All patients had full passive extension. The mean flexion was 96° (median, 90°; range, 70°–110°) (Table 1).
The mean Musculoskeletal Tumor Society score was 82.1% (range, 46.7%–93.3%) and mean TESS score was 83.0% (range, 75.8%–90.5%) (Table 2).
Complications developed in six of the 10 patients. These included temporary peroneal nerve palsy in one patient, and permanent peroneal nerve palsy in another secondary to involvement of the peroneal nerve by the malignancy. Two patients had postoperative infections—one of which was a preoperative biopsy infection. Two patients also had quadriceps adhesions and underwent subsequent quadriceps releases (quadricepsplasty) to achieve flexion. In one of these patients, the prosthesis was too large resulting in a considerable overhang of the prosthetic condyles and it was at this point that the adhesion developed (Fig. 2). In the other patient, quadriceps adhesion developed after the patient refused to participate in physical therapy. After quadricepsplasty, both patients achieved a minimum of 100° flexion. A 10° extension lag remained after quadricepsplasty in the patient who declined physical therapy. The lag was exacerbated partly by her continued refusal to do physical therapy after quadricepsplasty, but her patella remains at the appropriate level relative to the trochlea.
Fig. 2.
A postoperative radiograph shows the size mismatch between the femoral condyles and the underlying femur resulting in overstuffing of the patella. Partial regrowth of the proximal tibia adjacent to the insertion of the patellar ligament can be seen.
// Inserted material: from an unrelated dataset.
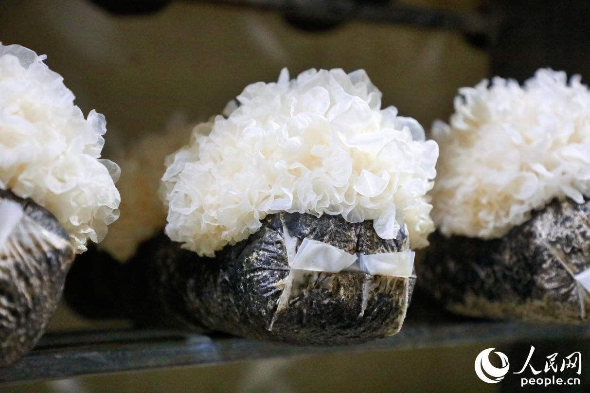 Photo shows tremella mushrooms in a cultivation house in Gutian county, Ningde city, southeast China's Fujian Province. (People's Daily Online/Li Weiyi)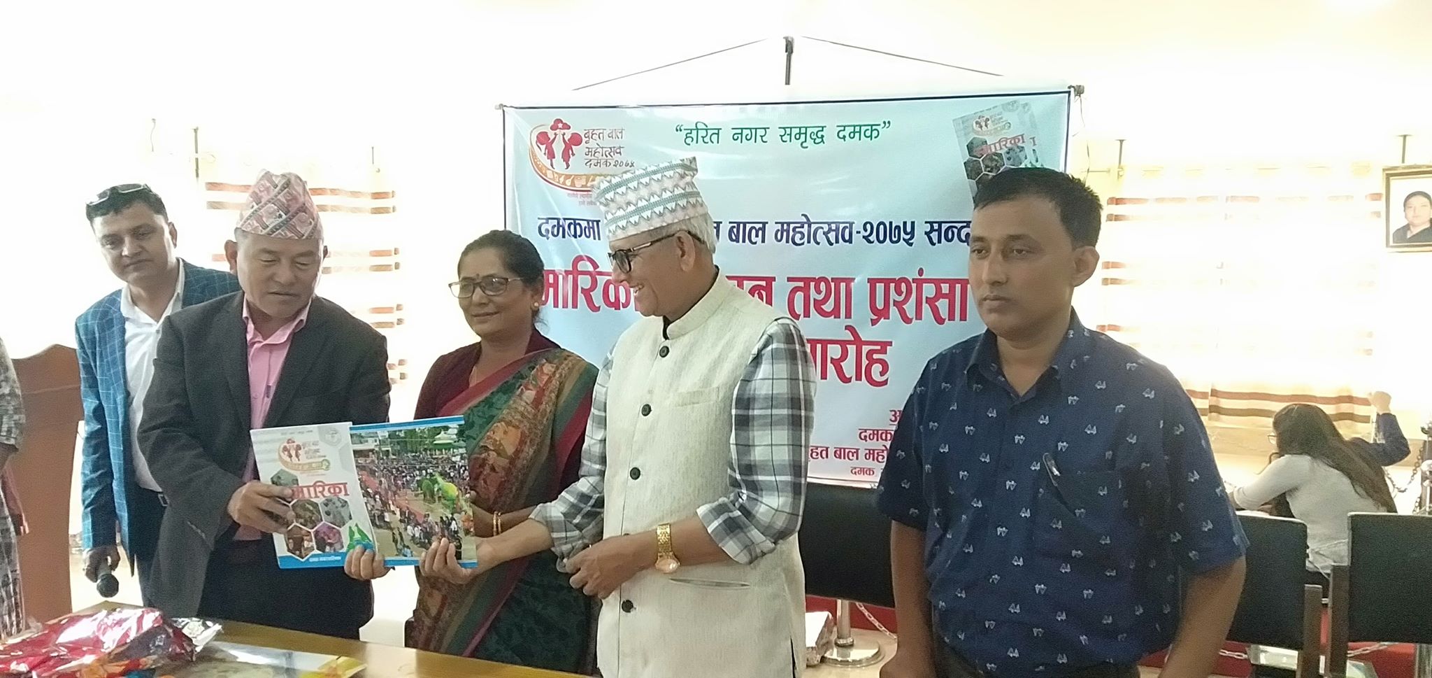 बाल महोत्सव २०७५को स्मारिकाका रुपमा प्रकाशन गरिएको सो पुस्तकको आज प्रदेश सभा सदस्य अर्जुन राई, दमक नगरपालिकाका प्रमुख रोमनाथ ओली र उपप्रमुख एवम् महोत्सव आयोजक मुलक समिति संयोजक गीता अधिकारीले संयुक्त रुपमा विमोचान गर्नुभएको छ ।

The cerclage wire broke in six patients (usually observed 3 months after the procedure), but was noticed only incidentally on reviewing the radiographs in five of the six patients. Breakage of the cerclage wire resulted in the patella returning to an appropriate level in relation to the trochlea in all but one patient. In one patient, wire breakage was associated with proximal migration of the attached tibial tuberosity and development of an extension lag (Fig. 3); this was the only patient who had the tibial tuberosity preserved. Subsequent to recognizing this complication we did not attempt to preserve the host tibial tuberosity. Rather, we directly attached the patellar ligament to the porous surface of the prosthetic tibial tuberosity. No additional proximal migrations of the patella have occurred in the seven patients since then.
Fig. 3.
Avulsion of the tibial tuberosity after breakage of the cerclage wire resulted in proximal migration.
Discussion
Reattachment of the quadriceps mechanism to maintain quadriceps function can be difficult. We report a new technique that does not require the use of flaps, allograft, or synthetic ligaments and compared the results with those of historical controls, which have used these modalities, to determine if comparable results were at least equivalent in terms of quadriceps function, patellar height, complication rate, and general function.
Although the data were collected prospectively, the numbers are small and greater numbers are necessary to determine if the outcomes can be maintained. We had no concurrent controls and rather compared (below) with literature controls. The prostheses used are among the first with a porous surface specifically to encourage growth of the patellar ligament onto the prosthesis, whereas the historical controls used a loop in which the ligament is sutured around with no attempt at actual tissue ongrowth. It may be the reattachment to a porous surface is sufficient and the tension wire used to protect the repair is unnecessary.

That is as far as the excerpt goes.